We observed an increase in the total incidence rate during the study period (7.47 cases per 100,000 inhabitants in 2003 up to 23.84 cases per 100,000 inhabitants in 2021). This increase could be related to various causes such as cumulative lifetime sun exposure habits of the population currently at higher risk of developing melanoma and improved diagnostic accuracy over this period, especially with the widespread use of dermoscopy among others. In 2020, a drop of 2.58 cases per 100,000 inhabitants (from 16.24 cases per 100,000 inhabitants in 2019 down to 13.66 per 100,000 inhabitants in 2020) was reported, which was consistent with the national skin tumor incidence rate for that period.14 This incidence decrease is consistent with the start of the COVID-19 pandemic, a time during which access to primary and hospital health care became more complicated.

We should mention that the largest increase in incidence corresponds to early stages, probably due to improved early detection of cases for reasons such as greater public awareness, and improved knowledge among dermatologists and non-dermatologists (Appendix Figures 2 and 3).
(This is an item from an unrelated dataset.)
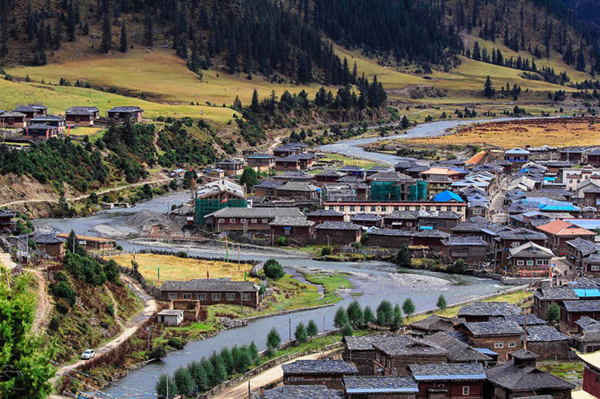 石板藏寨保留著原始的藏式民居文化,一宅一院,一磚一瓦的建造都是居民用石板蓋成,錯(cuò)落有致、古樸大氣。這里地勢(shì)平坦、神山環(huán)抱,開闊的草地上河水蜿蜒流過,百花盛開五彩斑斕,美景恍若天堂,藏房令人向往。

Furthermore, incidence rates higher than the Spanish national average were reported too4,5,11,15,16 (Appendix Table 4). However, our incidence rates probably underestimate the actual incidence rate since almost 30% of the population in Mallorca has private health insurance, and it is precisely in this population in which melanomas—that have gone unreported this his series—are indeed detected. This may explain why the reported incidence rates are lower than expected, given some of characteristics inherent to our population such as widespread sun exposure habits (fishermen, farmers, sun and beach tourism), high UV radiation levels in the region, increasing immigration from countries with high melanoma rates (Central and Northern Europe), and the intermingling of the local population with people born in these countries.

The main limitations of our study are that it is a cross-sectional study without patient follow-up. Additionally, we only studied part of the island population, corresponding to the coverage area of one single hospital, and we lack data on melanoma diagnoses made in private clinics and hospitals, which we estimate could be significant.

In conclusion, the population with melanoma from the Migjorn sector has similar demographic characteristics to the rest of Spain. We saw a progressive increase in the incidence rates reported during the study period, which is consistent with data from other series. This incidence increase is due to early-stage melanomas, likely thanks to improved diagnostic techniques and awareness campaigns among health care professionals and the general population too.